Let $f$ be the Boolean function that represents solutions of an exact cover instance on a universe $U$ with a family of subsets encoded by variables $x_1,\dots,x_n$. A solution is a choice of subsets that covers every element of $U$ exactly once. The function value is $f(x)=1$ if and only if the chosen subsets form an exact cover.

The question asks whether, in all such cases, the size of the ZDD representing $f$, denoted $Z(f)$, is always bounded by the size of the BDD representing the same function, denoted $B(f)$.

Consider the degenerate exact cover instance in which the universe $U$ is empty. The exact cover condition imposes no constraints, since there are no elements that must be covered. Every choice of subsets satisfies the condition vacuously, hence every assignment $x \in {0,1}^n$ is a solution. Therefore the Boolean function is constant,

$$ f(x_1,\dots,x_n)=1. $$

The reduced ordered BDD for a constant function $f \equiv 1$ consists only of a single terminal node $\top$, with no branch nodes. Hence

$$ B(f)=1 $$

if sinks are counted as nodes, or $B(f)=2$ if both $\bot$ and $\top$ are included as distinct terminal nodes. In either standard convention, $B(f)$ is $O(1)$ and independent of $n$.

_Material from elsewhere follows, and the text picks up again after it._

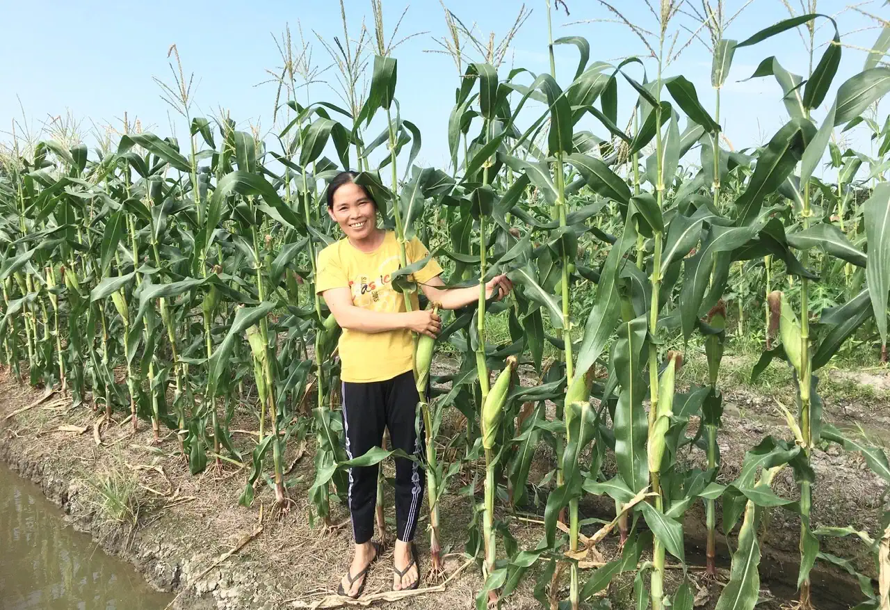 Hằng ngày, chị Mai Thi chăm bón rẫy bắp xanh tốt.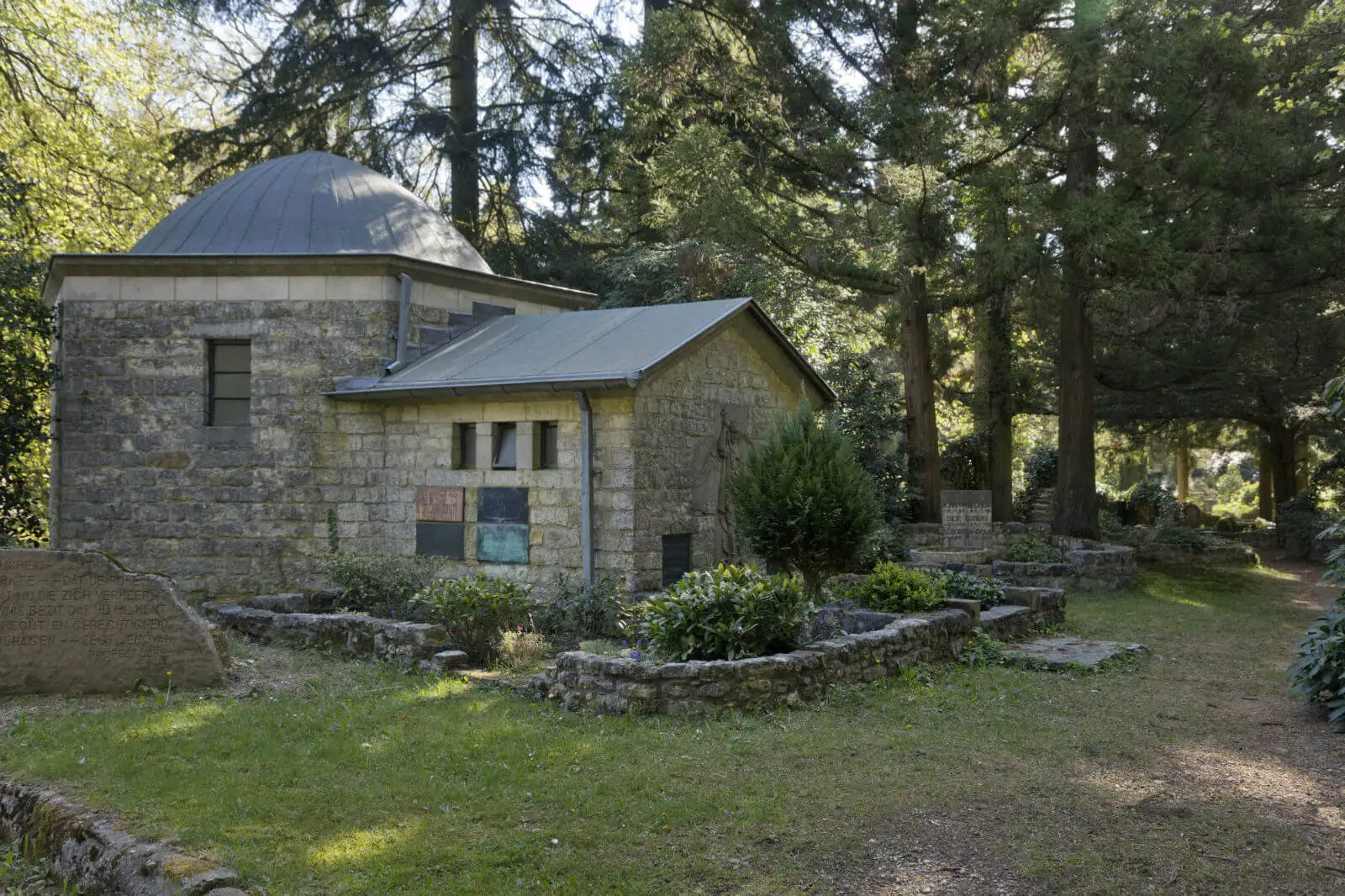 In deze sfeervolle herdenkingskapel, die tevens monument is voor alle gevallen (verzets)politiemensen in de Tweede Wereldoorlog, worden de asbussen bovengronds in nissen geplaatst, welke worden afgesloten door eenzelfde Comblanchien naamplaatjes.

The ZDD representation of the family of all subsets of an $n$-element set encodes the full power set. In a ZDD, the reduction rule removes nodes whose 1-arc leads to $\bot$, but retains structure for 0-arcs. The canonical ZDD for the full power set forms a chain in which each variable appears exactly once along any root-to-terminal path, and no node can be merged because each level corresponds to a distinct variable index. This yields exactly $n$ nonterminal nodes plus a terminal node, so

$$ Z(f)=n+1. $$

For all $n \ge 2$, this gives

$$ Z(f)=n+1 > 2 \ge B(f), $$

under either standard counting convention for $B(f)$.

This instance is an exact cover problem in the sense that it is a valid (though trivial) cover system with no constraints, yet it violates the inequality $Z(f)\le B(f)$.

This completes the proof. ∎